Ah, that explains it all. I probably just used someones else workflow as an example

henryiii commented 2 months ago

I'd highly recommend using dependabot to keep workflows up to date. GHA is a moving platform, and old versions may not work in the future.

henryiii commented 2 months ago

Also, as a general recommendation, I'd recommend following the structure in https://learn.scientific-python.org/development/guides/gha-pure/, it's a bit more secure to build and publish in separate jobs, and it's handy to be able to download the files from the action sometimes.

rrooggiieerr commented 2 months ago

I think I've got dependabot configured, at least for some of my repositories. Will double check

webknjaz commented 2 months ago

Ah, that explains it all. I probably just used someones else workflow as an example

@rrooggiieerr ah, that's why I couldn't understand how that would be affecting this action..

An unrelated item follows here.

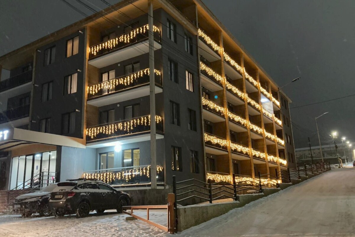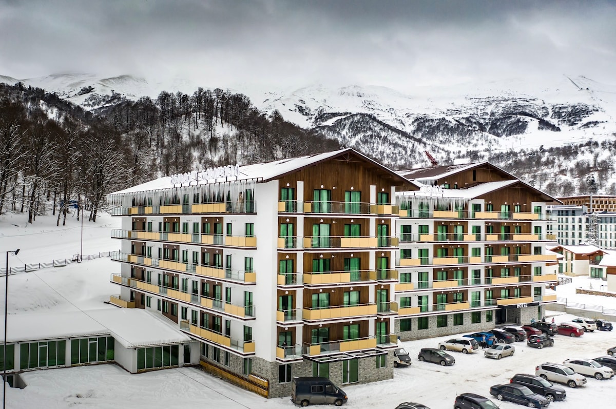 Warm and cozy Apartment for daily rent in ''Crystal Residence'' for maximum 4 people. 5th floor, with a view of Mountain Didveli. Crystal Residence is a premium Ski-In, Ski-Out hotel-type residential complex. the apartment is equipped with all necessary household items. From December 20, In the hotel there will be open: Indoor swimming pool, sauna, fitness gym, bar, and restaurant .

GitHub's own workflow starters/templates used to pin to something awfully ancient. That commit doesn't support tokenless publishing as well as any of the other stability/feature/bugfix improvements. Usually, it's fine to pin to release/v1 which is a rolling branch. If you want more control of the stability/supply chain, though, pin to commit hashes (or tags, but hashes are better security-wise). Dependabot can help you bump the hashes, by the way.

rrooggiieerr commented 2 months ago

I'm now using release/v1 so that's resolved. Thanks for your time and effort!